The difference between people and machine will blur as we trek through the decades ahead.
Dick Pelletier
2013-04-06 00:00:00

AI/Robots will eventually surpass human levels of intelligence and develop ability to self-replicate, increasing intelligence with each succeeding generation. This will produce an information explosion almost beyond imagination.

Our bodies will also evolve during this time. We will use nanobots to kill pathogens and cancer cells, then go into our brain and do benign things like enhance memory. Slowly, these nanobots will become more sophisticated.

We will direct these ‘smart bots’ to convert biological neurons into powerful non-biological ones, and rewrite our brain’s ‘software’. This will allow us to connect with machines and share their super-intelligence.

Eventually, every cell in our body will become non-biological, and our silicon-based minds will not only be able to interface seamlessly with machines, but will also easily connect with one another utilizing thought communications.

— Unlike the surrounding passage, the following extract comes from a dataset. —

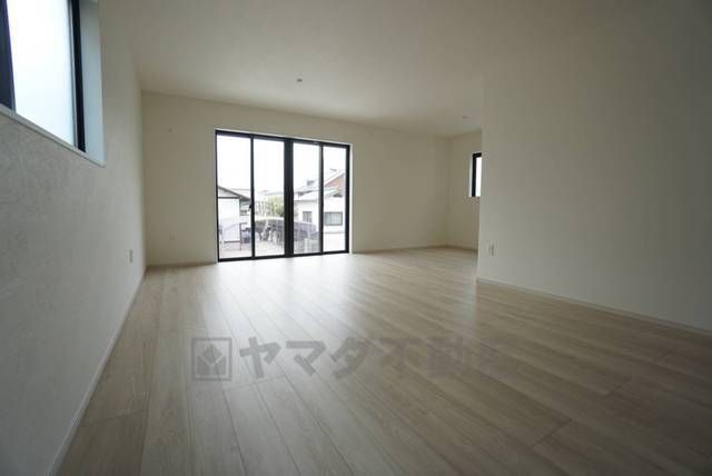 大きな窓のあるリビングは、陽光あふれる明るい空間です。居心地良く、ご家族皆がゆったり寛げる憩いの空間となりそうです。
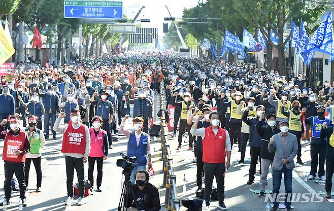[대구=뉴시스] 이무열 기자 = 민주노총 대구지역본부 1020 총파업 대회가 열린 20일 오후 대구 중구 봉산가구거리 일원에서 참가자들이 ‘불평등OUT’ 구호를 외치고 있다. 2021.10.20. lmy@newsis.com

As robots develop new abilities, we will incorporate those abilities into our makeup. As the years unfold, we will become more machine-like and robots more human-like, the difference between human and machine will blur.

By century’s end, the merge could be complete; we would become a single species. And although our minds and bodies will be considered non-biological, our consciousness will forever preserve our definition as a human being.

The journey into this human-machine future will take place one benign, safe change at a time, beginning in late 2030s and ending sometime during the last half of this century.

Are you ready to live in a ‘cyborg’ world? I’ll admit it would certainly take some getting used to, but should this octogenarian writer survive the decades ahead; I say welcome to our human-machine future!